▶ [Exercise material]
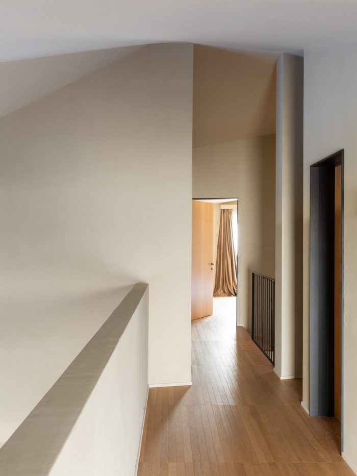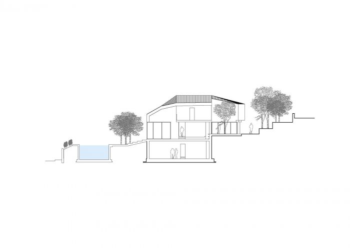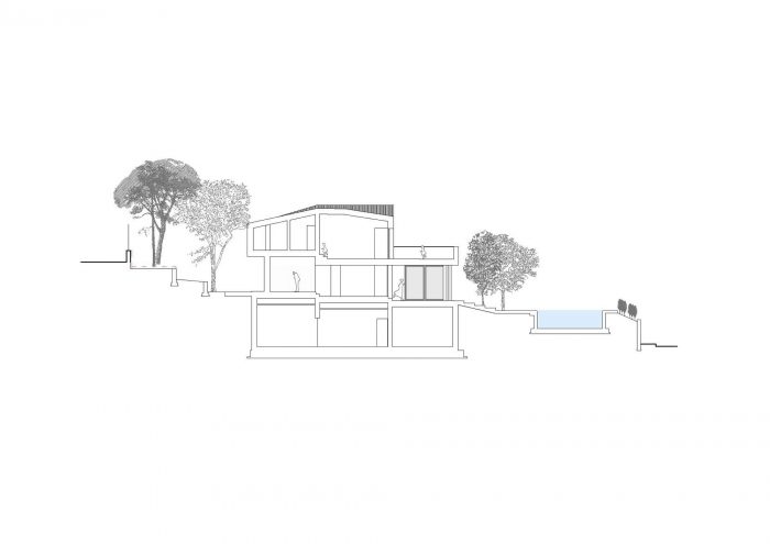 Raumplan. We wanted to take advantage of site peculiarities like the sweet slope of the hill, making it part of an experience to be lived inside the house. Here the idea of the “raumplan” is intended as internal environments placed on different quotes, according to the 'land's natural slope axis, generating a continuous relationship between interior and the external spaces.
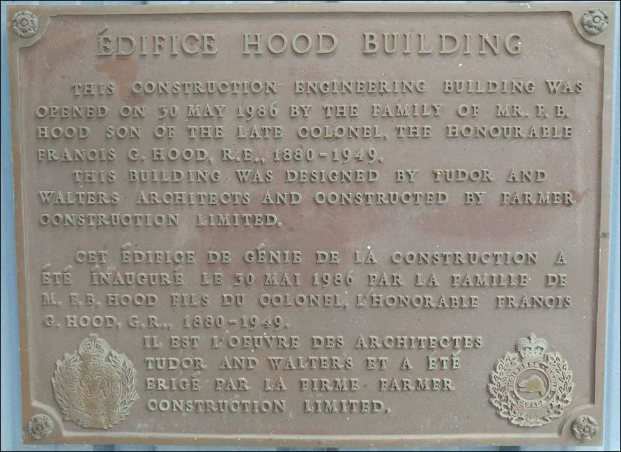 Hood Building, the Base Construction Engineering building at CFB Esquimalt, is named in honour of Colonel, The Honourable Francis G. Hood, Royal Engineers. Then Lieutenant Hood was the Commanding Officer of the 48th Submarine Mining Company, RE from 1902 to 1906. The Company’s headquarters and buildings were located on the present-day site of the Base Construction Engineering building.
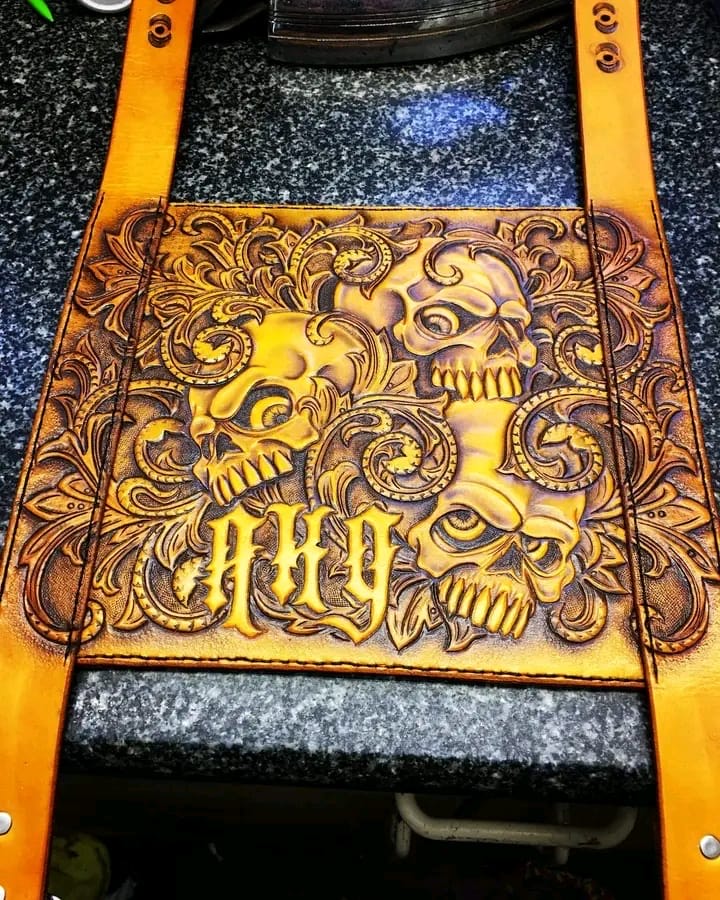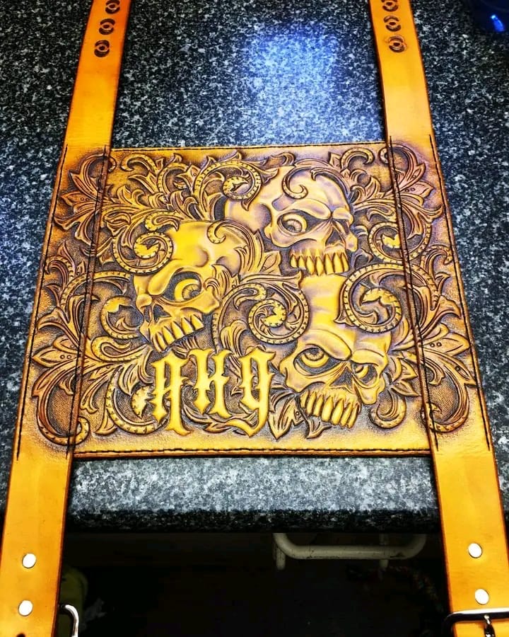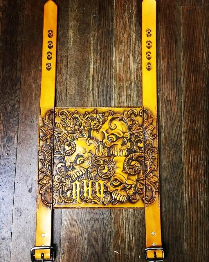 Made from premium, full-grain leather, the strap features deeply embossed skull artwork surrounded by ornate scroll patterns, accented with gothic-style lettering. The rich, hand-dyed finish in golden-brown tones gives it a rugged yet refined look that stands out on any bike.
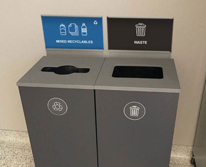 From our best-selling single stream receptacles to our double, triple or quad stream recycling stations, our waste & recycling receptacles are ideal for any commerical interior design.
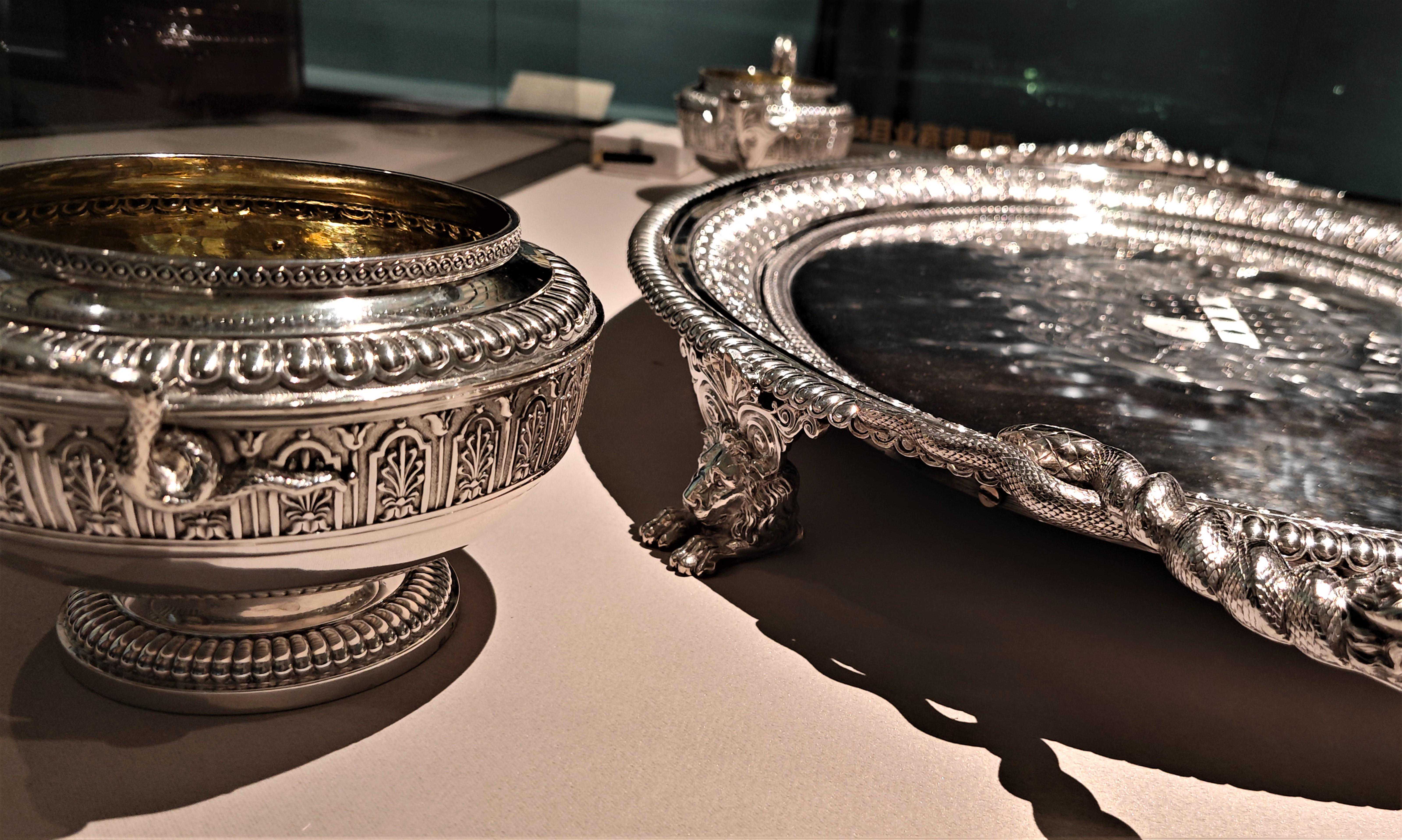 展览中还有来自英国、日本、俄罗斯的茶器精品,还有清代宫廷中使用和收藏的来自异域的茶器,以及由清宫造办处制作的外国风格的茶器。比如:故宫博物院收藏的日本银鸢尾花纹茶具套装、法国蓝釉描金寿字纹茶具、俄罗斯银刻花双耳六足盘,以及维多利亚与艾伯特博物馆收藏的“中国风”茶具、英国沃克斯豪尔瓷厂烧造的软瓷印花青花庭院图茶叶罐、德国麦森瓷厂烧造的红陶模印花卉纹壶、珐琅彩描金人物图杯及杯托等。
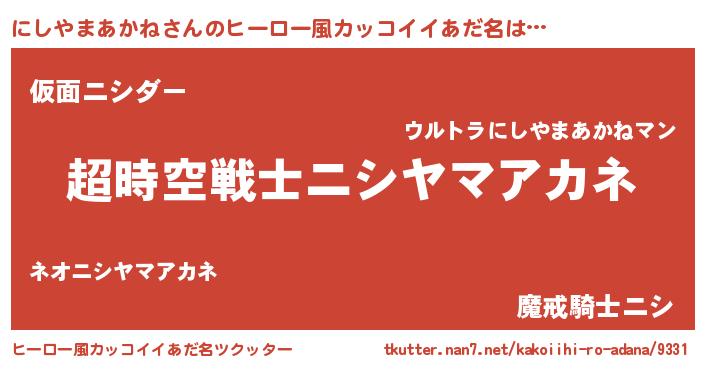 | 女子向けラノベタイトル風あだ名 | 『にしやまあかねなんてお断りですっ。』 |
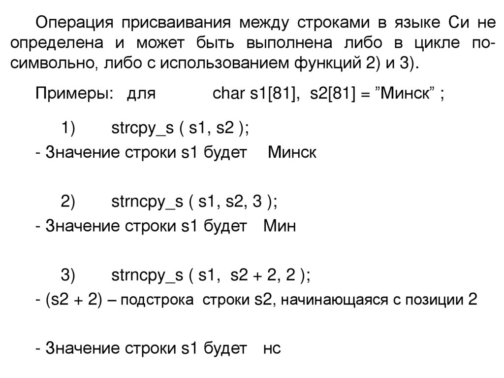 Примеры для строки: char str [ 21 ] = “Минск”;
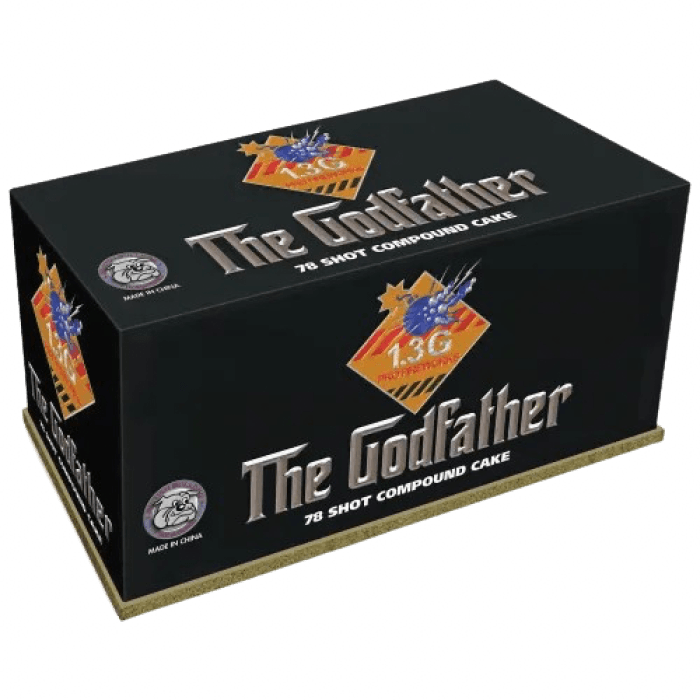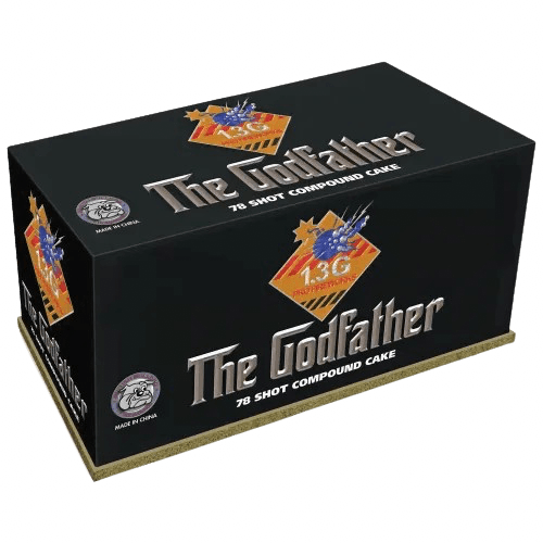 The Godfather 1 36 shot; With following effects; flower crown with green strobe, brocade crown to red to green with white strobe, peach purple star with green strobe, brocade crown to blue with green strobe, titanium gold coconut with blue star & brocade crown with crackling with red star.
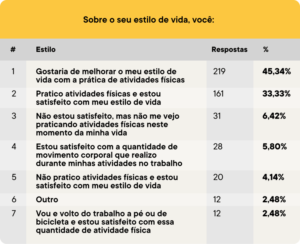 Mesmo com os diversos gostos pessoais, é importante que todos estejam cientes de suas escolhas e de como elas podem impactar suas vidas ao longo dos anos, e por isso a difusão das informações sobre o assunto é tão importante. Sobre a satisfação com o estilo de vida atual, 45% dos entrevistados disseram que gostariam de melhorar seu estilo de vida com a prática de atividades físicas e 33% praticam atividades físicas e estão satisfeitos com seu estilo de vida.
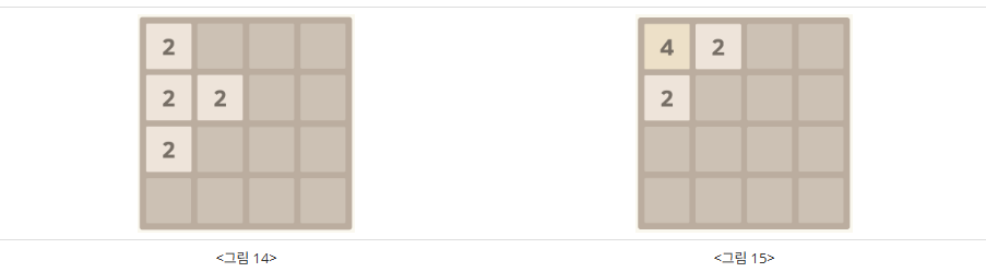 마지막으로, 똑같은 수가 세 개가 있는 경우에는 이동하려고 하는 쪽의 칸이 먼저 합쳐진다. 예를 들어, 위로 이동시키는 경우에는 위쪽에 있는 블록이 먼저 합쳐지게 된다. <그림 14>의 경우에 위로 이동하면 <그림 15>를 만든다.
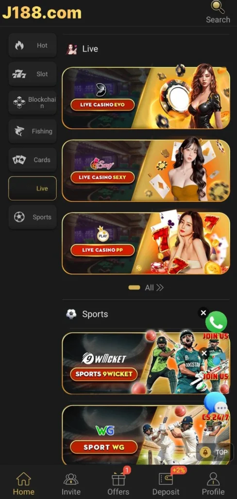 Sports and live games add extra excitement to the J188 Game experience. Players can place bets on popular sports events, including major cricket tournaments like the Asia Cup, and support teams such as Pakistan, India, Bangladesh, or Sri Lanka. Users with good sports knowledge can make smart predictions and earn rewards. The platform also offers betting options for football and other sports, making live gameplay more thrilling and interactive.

▶ [Work order] Write out a verbatim copy of the lines from the line that contains "마지막으로, 똑같은 수가" through the end of the entries above; pictures are not copied.

▶ [Written solution]
 마지막으로, 똑같은 수가 세 개가 있는 경우에는 이동하려고 하는 쪽의 칸이 먼저 합쳐진다. 예를 들어, 위로 이동시키는 경우에는 위쪽에 있는 블록이 먼저 합쳐지게 된다. <그림 14>의 경우에 위로 이동하면 <그림 15>를 만든다.
 Sports and live games add extra excitement to the J188 Game experience. Players can place bets on popular sports events, including major cricket tournaments like the Asia Cup, and support teams such as Pakistan, India, Bangladesh, or Sri Lanka. Users with good sports knowledge can make smart predictions and earn rewards. The platform also offers betting options for football and other sports, making live gameplay more thrilling and interactive.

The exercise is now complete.